Design  We completed an electronic search of MEDLINE from inception to March 9, 2014, to identify all published studies that completed a reanalysis of individual patient data from previously published RCTs addressing the same hypothesis as the original RCT. Four data extractors independently screened articles and extracted data.
Main Outcomes and Measures  Changes in direction and magnitude of treatment effect, statistical significance, and interpretation about the types or numbers of patients who should be treated.

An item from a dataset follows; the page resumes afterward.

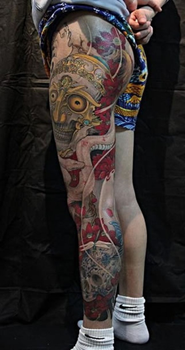 恐怖气息的彩色花腿纹身图片彩色带花骷髅头花_腿部纹身图案大全_纹身图吧

Results  We identified 37 eligible reanalyses in 36 published articles, 5 of which were performed by entirely independent authors (2 based on publicly available data and 2 on data that were provided on request; data availability was unclear for 1). Reanalyses differed most commonly in statistical or analytical approaches (n = 18) and in definitions or measurements of the outcome of interest (n = 12). Four reanalyses changed the direction and 2 changed the magnitude of treatment effect, whereas 4 led to changes in statistical significance of findings. Thirteen reanalyses (35%) led to interpretations different from that of the original article, 3 (8%) showing that different patients should be treated; 1 (3%), that fewer patients should be treated; and 9 (24%), that more patients should be treated.
Conclusions and Relevance  A small number of reanalyses of RCTs have been published to date. Only a few were conducted by entirely independent authors. Thirty-five percent of published reanalyses led to changes in findings that implied conclusions different from those of the original article about the types and number of patients who should be treated.